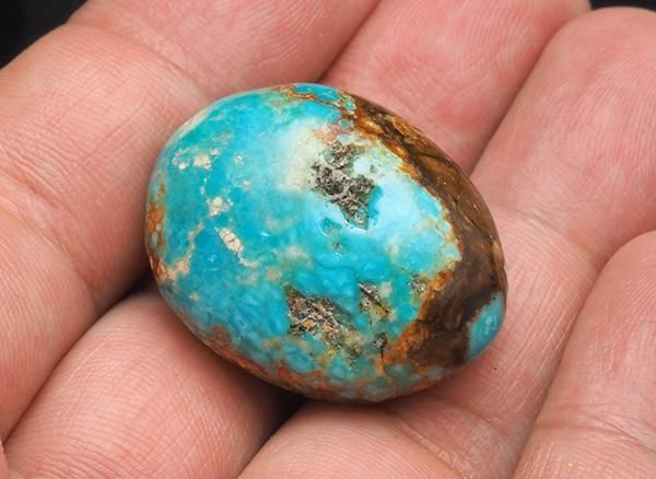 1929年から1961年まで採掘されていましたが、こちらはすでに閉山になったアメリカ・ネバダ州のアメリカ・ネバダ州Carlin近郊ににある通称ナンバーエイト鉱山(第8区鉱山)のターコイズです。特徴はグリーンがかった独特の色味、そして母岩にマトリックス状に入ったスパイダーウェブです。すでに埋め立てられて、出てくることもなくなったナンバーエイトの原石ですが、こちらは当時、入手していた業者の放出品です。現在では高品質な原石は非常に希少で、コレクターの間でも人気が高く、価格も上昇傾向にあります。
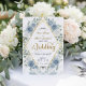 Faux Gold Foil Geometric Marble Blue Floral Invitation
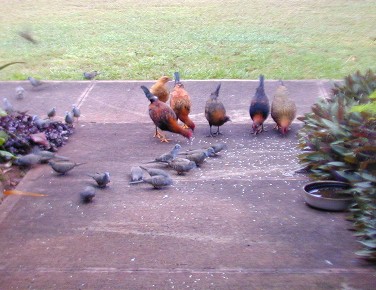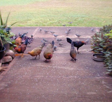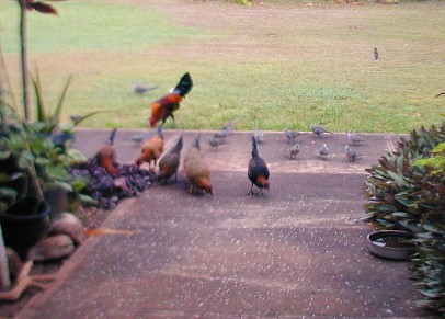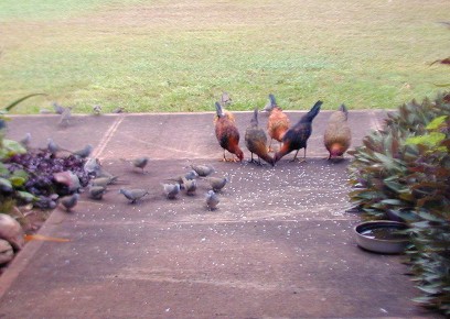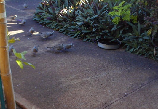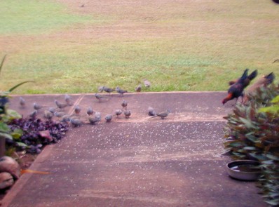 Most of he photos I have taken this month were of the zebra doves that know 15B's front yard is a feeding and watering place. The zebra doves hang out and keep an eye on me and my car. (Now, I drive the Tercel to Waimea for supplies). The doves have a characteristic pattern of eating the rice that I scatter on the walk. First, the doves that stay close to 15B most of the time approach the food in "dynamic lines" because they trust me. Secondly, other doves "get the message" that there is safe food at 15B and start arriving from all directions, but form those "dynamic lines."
---+---
The answer must be the lines above, word for word, from the first one through the line with "Faux Gold Foil", pictures excluded.

 1929年から1961年まで採掘されていましたが、こちらはすでに閉山になったアメリカ・ネバダ州のアメリカ・ネバダ州Carlin近郊ににある通称ナンバーエイト鉱山(第8区鉱山)のターコイズです。特徴はグリーンがかった独特の色味、そして母岩にマトリックス状に入ったスパイダーウェブです。すでに埋め立てられて、出てくることもなくなったナンバーエイトの原石ですが、こちらは当時、入手していた業者の放出品です。現在では高品質な原石は非常に希少で、コレクターの間でも人気が高く、価格も上昇傾向にあります。
 Faux Gold Foil Geometric Marble Blue Floral Invitation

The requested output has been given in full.